◆ MATERIAL SHOWN ◆
▽

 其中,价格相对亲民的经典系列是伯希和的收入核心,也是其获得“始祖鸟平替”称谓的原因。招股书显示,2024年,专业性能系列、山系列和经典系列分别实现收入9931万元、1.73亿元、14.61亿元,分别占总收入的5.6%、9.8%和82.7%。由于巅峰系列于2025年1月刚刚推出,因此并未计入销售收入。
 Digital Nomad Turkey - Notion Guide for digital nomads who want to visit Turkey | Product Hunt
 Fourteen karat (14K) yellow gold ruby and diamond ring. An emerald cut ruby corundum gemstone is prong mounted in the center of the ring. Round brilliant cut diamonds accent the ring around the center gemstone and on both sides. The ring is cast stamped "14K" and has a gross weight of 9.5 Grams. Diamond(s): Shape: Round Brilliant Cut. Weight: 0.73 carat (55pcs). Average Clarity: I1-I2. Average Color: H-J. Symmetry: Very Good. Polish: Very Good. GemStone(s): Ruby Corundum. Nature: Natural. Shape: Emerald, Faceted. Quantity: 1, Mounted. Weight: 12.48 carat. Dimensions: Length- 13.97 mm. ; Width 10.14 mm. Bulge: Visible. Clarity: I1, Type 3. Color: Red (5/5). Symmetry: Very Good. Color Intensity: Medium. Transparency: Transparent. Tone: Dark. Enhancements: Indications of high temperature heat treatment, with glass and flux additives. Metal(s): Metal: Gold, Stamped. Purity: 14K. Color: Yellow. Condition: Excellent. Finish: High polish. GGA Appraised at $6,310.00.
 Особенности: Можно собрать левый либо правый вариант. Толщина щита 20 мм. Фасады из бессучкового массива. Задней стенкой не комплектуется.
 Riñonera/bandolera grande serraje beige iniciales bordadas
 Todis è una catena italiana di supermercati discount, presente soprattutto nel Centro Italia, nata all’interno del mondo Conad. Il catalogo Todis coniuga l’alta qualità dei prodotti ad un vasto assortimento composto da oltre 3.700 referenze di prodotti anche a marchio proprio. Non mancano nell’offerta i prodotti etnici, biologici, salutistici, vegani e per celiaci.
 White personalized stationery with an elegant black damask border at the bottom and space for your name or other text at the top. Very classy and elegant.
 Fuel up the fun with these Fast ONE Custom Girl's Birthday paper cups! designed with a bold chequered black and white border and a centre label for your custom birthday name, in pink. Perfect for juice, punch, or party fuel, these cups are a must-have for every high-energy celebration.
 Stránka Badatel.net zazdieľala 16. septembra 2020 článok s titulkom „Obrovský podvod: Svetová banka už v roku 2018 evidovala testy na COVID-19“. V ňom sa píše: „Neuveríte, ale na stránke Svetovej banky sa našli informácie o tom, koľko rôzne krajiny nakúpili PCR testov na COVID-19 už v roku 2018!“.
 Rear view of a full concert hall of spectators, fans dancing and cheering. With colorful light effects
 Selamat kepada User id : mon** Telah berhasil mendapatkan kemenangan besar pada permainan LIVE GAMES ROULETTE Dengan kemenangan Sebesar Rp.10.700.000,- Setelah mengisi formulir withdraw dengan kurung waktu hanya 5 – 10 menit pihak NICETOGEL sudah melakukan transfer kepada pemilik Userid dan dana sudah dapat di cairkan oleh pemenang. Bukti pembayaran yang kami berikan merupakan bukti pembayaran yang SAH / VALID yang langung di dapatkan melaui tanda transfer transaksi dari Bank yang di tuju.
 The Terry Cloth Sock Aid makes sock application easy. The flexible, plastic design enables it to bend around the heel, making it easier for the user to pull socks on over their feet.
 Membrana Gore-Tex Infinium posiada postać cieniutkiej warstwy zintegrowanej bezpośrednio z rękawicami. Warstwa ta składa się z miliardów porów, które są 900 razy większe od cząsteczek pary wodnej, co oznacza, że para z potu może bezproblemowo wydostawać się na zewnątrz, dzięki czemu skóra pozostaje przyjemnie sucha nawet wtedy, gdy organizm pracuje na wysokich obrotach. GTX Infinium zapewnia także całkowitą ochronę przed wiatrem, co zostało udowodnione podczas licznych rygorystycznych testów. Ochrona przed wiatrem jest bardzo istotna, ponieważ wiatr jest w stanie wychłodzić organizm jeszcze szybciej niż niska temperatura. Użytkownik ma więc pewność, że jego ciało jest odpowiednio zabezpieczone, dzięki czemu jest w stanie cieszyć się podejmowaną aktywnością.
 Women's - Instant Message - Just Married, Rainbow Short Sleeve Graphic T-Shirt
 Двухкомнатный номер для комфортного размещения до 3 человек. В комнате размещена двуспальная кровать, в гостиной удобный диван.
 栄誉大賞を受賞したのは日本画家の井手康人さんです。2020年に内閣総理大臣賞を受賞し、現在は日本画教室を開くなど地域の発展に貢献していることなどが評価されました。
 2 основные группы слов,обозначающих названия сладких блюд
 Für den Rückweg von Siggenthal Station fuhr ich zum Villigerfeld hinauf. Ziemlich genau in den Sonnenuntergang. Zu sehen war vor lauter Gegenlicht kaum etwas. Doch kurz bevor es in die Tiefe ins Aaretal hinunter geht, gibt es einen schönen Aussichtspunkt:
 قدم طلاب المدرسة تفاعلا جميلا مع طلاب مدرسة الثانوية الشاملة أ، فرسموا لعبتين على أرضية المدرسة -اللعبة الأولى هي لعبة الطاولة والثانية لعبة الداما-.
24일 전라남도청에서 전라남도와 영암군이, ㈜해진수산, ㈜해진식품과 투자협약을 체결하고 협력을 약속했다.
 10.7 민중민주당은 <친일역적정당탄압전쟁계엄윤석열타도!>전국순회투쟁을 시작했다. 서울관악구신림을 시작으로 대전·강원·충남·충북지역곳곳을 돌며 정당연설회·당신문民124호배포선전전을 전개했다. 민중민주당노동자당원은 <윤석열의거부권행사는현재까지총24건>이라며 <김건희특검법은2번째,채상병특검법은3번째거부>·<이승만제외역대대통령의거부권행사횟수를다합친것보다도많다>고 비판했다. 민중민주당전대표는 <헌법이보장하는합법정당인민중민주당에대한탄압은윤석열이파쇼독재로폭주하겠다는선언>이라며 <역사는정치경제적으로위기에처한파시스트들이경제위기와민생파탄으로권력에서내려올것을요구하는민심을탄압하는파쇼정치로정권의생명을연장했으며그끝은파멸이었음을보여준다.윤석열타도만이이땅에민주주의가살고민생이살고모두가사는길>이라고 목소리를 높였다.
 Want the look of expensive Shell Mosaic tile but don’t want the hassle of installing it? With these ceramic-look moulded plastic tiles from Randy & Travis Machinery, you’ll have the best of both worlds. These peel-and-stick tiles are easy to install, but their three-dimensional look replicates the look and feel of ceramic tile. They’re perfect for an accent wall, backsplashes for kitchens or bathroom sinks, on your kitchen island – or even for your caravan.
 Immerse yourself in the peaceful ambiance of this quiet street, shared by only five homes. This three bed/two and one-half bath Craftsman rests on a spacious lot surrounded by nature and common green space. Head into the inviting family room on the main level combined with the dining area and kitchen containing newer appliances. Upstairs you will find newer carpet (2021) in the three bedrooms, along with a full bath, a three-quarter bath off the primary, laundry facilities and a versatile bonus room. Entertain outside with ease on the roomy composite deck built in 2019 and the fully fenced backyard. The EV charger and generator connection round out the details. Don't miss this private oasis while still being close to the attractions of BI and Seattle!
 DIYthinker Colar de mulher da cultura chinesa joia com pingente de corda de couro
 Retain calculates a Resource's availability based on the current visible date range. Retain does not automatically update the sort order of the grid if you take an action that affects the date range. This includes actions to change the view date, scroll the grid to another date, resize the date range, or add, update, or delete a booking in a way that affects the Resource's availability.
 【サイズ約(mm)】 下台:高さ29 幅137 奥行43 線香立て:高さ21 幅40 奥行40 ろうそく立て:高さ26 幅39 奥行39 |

△

◆ WHAT IS BEING ASKED ◆
What do the lines above say from the one containing "قدم طلاب المدرسة" down to the one containing "10.7 민중민주당은 <친일역적정당탄압전쟁계엄윤석열타도!>전국순회투쟁을"? Return them exactly, both end lines included, and only them.

◆ EXERCISE OUTPUT ◆
 قدم طلاب المدرسة تفاعلا جميلا مع طلاب مدرسة الثانوية الشاملة أ، فرسموا لعبتين على أرضية المدرسة -اللعبة الأولى هي لعبة الطاولة والثانية لعبة الداما-.
24일 전라남도청에서 전라남도와 영암군이, ㈜해진수산, ㈜해진식품과 투자협약을 체결하고 협력을 약속했다.
 10.7 민중민주당은 <친일역적정당탄압전쟁계엄윤석열타도!>전국순회투쟁을 시작했다. 서울관악구신림을 시작으로 대전·강원·충남·충북지역곳곳을 돌며 정당연설회·당신문民124호배포선전전을 전개했다. 민중민주당노동자당원은 <윤석열의거부권행사는현재까지총24건>이라며 <김건희특검법은2번째,채상병특검법은3번째거부>·<이승만제외역대대통령의거부권행사횟수를다합친것보다도많다>고 비판했다. 민중민주당전대표는 <헌법이보장하는합법정당인민중민주당에대한탄압은윤석열이파쇼독재로폭주하겠다는선언>이라며 <역사는정치경제적으로위기에처한파시스트들이경제위기와민생파탄으로권력에서내려올것을요구하는민심을탄압하는파쇼정치로정권의생명을연장했으며그끝은파멸이었음을보여준다.윤석열타도만이이땅에민주주의가살고민생이살고모두가사는길>이라고 목소리를 높였다.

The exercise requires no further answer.